I've always been this way.  I am going to Redding. I already have my lodging paid for. I always go.  Missed one year in 6 when Pa passed away.


----------



## purplecoffin

I prefer a ring because I am looking through my aim point and just look at what I want to hit. I don't even really notice the ring in my shot sequence as I focus on the center of the target and try to let the shot happen. However, when I shot bowhunter class I custom made a pin that covered all of the yellow on a fita target. If i could see yellow it wasn't right! Different things work for different people. I can't hit crap with a finger release but look at vegas this year. It works for Dietmer. (Spelling?)
Good luck and find what works for you as an individual.
Don


----------



## SD-Archer

Good 'ole fashion 6x lens with .010 fiber up-pin works great for me. Using a #3 (red) 1/16 clarifier in my peep.
Cheers!


----------



## Sturdyman

True Spot 8X with a 3/8 grind, black circle. I love it. Will try the 1/4 grind soon.


----------



## r302

*I've tried them all.*

The best scoring I ever did indoors and at Vegas was with a lighted dot sight with a battery pack called GP, which was a four power scope. No one seems to make any thing like that scope any more. I worn it out, but still have it.

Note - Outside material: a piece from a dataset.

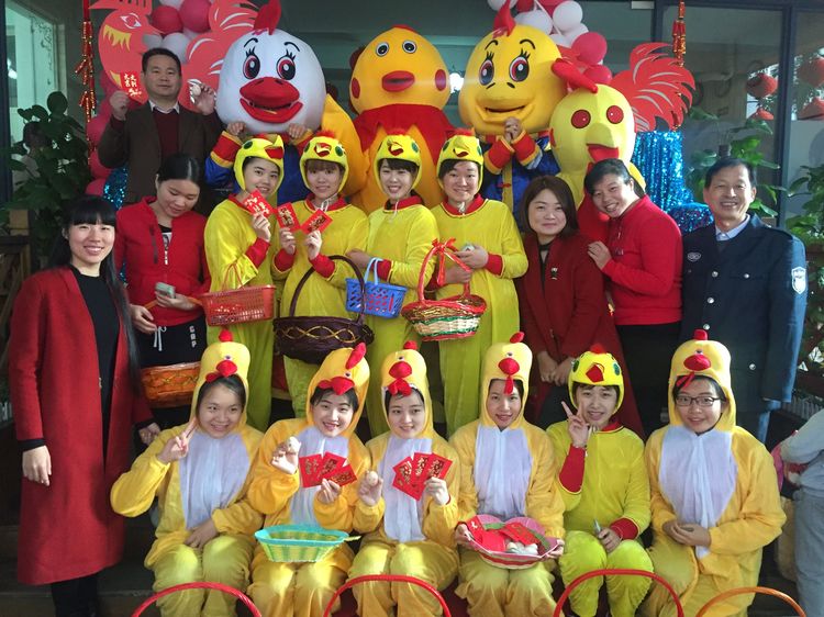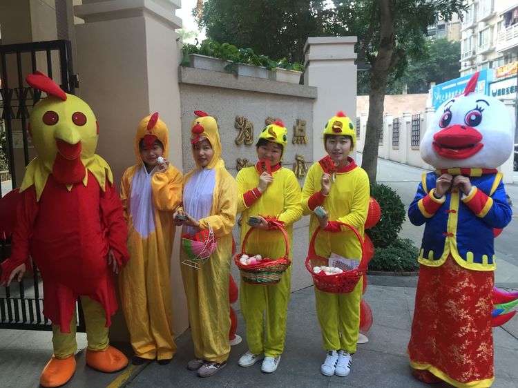老師和爸爸們裝扮成喜氣洋洋的吉祥雞在門口迎接小朋友們的到來!看那一張張洋溢著幸福的笑臉~咱們新的一學期就此開幕!

I had good luck with a circle for awhile, but it didn't last for unknown reasons. 

Now I use a green fiber optic and I do okay, but as well as I did with the lighted sight.

r302 :wink:


----------



## brtesite

archerpap said:


> a frosty lens.


it is a knock off of the originator X-View lens.


----------



## redman

The fv lens is called the allusion lens works great for me indoors 
like to see if some one could make one that would work for outdoors


----------



## blademan

*Peep*

Just wondering what size, type of peep you guys use with your scope setup?


----------



## rsw

For indoors, I use a large black dot which will cover 4/5 of the spot leaving just a halo of spot around the dot. I change my peep aperture to the smallest size that the lighting will allow.

Many other pros shoot something similar to this, but you will find all kinds of setups also. I don't like the small fiber optic as, for me, it tends to drift to any hole in the spot which is slightly off center. The large dot eliminates that and also helps me to hold more solidly.


----------